The absence of Intel in SMHX isn’t an oversight; it’s a core characteristic. The fund explicitly excludes integrated device manufacturers, preferring designers that rely on external foundries for fabrication.

Why This Rally Is Accelerating This Year

The chip sector split into two camps during the AI surge: fabless chip designers capturing the high-margin value of AI accelerators and data-center processors, while foundries absorb the heavy capital costs of building fabs to meet demand.

Observers point to a few forces fueling the year-to-date performance:

  • AI chip demand remains robust, with data-center upgrades and AI inference workloads driving new orders for designer teams.
  • Margins in design-centric businesses tend to be higher than pure manufacturing, supporting leadership in stock performance.
  • Foundry capacity constraints have cooled some traditional chipmakers, shifting investor interest toward firms with differentiated design capabilities.

From a market perspective, SMHX has rewarded investors who timed the AI-driven rally, delivering a strong return profile so far this year. The one-year performance figure reflects a broader momentum in the fabless segment, which some analysts say is less sensitive to cyclical pricing moves in commodity components.

In the latest trading updates, SMHX’s price action has shown resilience, even as broader tech volatility reappears. Critics caution that the fabless space is heavily tied to AI adoption cycles and supply-chain dynamics, which can reprice quickly in the event of softer demand or regulatory shifts.
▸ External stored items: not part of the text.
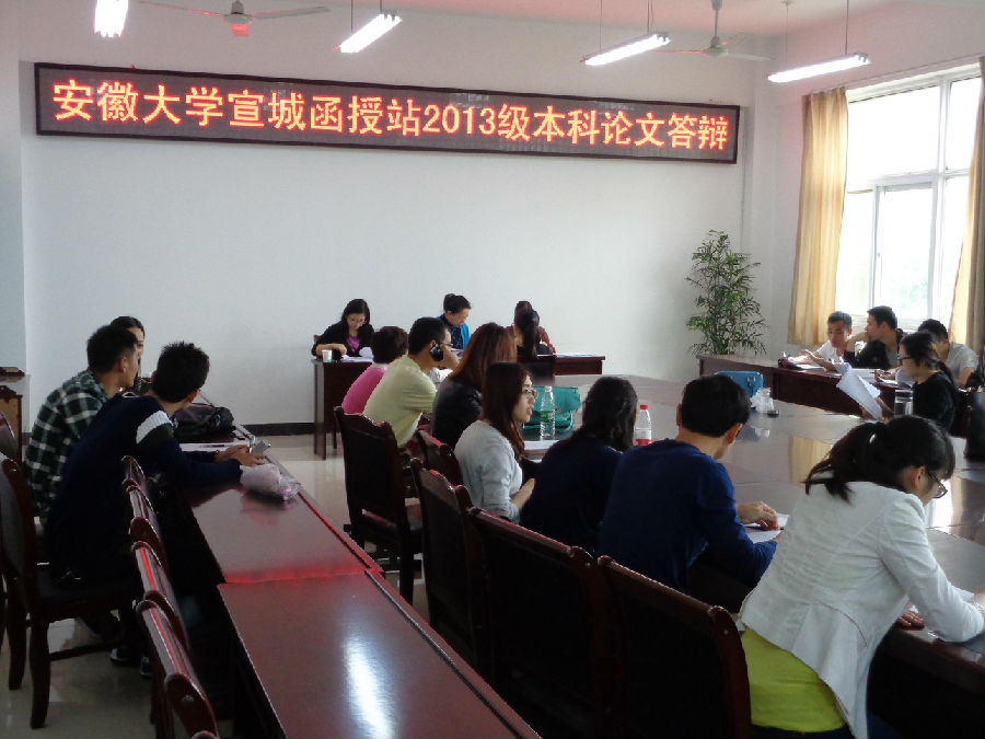 5月16日,安徽大学宣城函授站2013级本科论文答辩工作在宣城市信息工程学校举行。22名同学参加了答辩。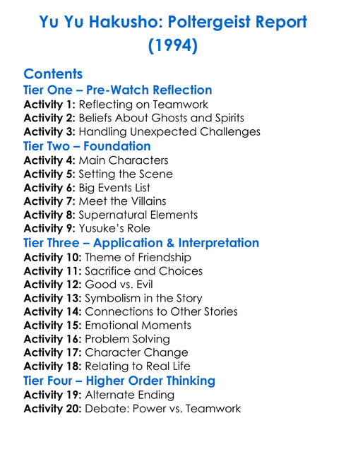Yu Yu Hakusho Poltergeist Report 1994 Worksheet Activity Booklet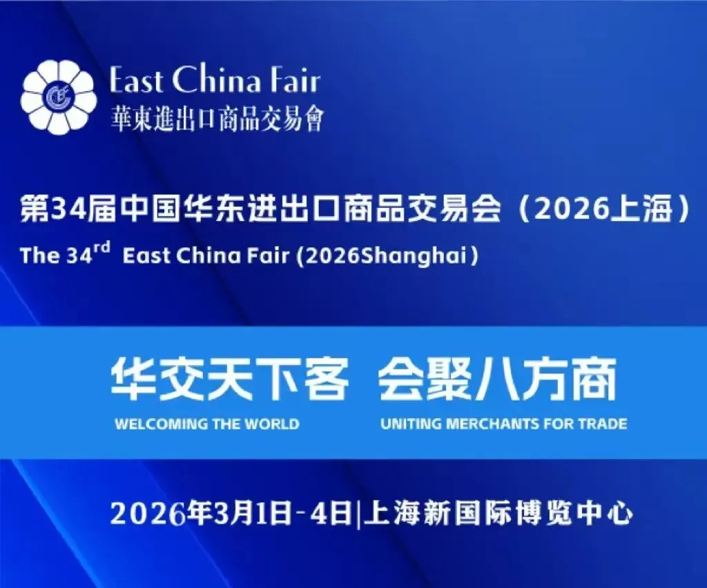 第34届华东进出口商品交易会将于2026年3月1日至3月4日在上海新国际博览中心举办,设4个专业子展和2个专业展区:服装服饰展、纺织面料展、家庭用品展、装饰礼品展、境外展区和跨境电商展区,总规模为11.5万平方米。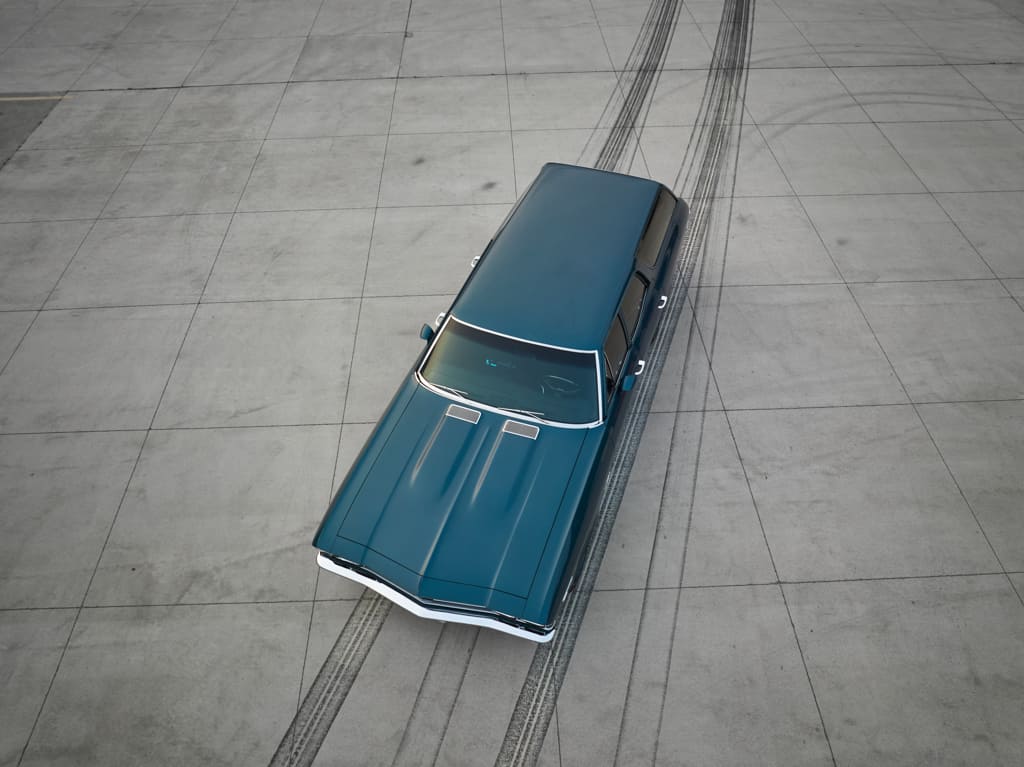 017 69 Chevelle Nomad emblem on a blue exterior

Intel Is Not in the Fund—and Why

Intel’s exclusion from SMHX is by design. Intel operates as an IDM—an integrated device manufacturer that designs and fabricates its own chips. That model stands in contrast to the fund’s fabless mandate, which rewards design houses while outsourcing manufacturing to dedicated foundries.

Intel’s quarterly results illustrate the company’s blended strategy. In Q1 2026, Intel reported revenue of $5.421 billion, up 16% year over year, with fabs across the United States, Ireland, and Asia contributing to output. Still, the IDM structure remains divergent from SMHX’s core approach, which concentrates on firms that do not own fabrication facilities.

Investors should note that the broader market for semiconductors is sensitive to capital expenditure cycles among foundries, which can influence the relative performance of fabless names. The contrast between Intel’s integrated model and the fund’s fabless focus is a recurring theme in discussions about this sector and this year’s leadership dynamics.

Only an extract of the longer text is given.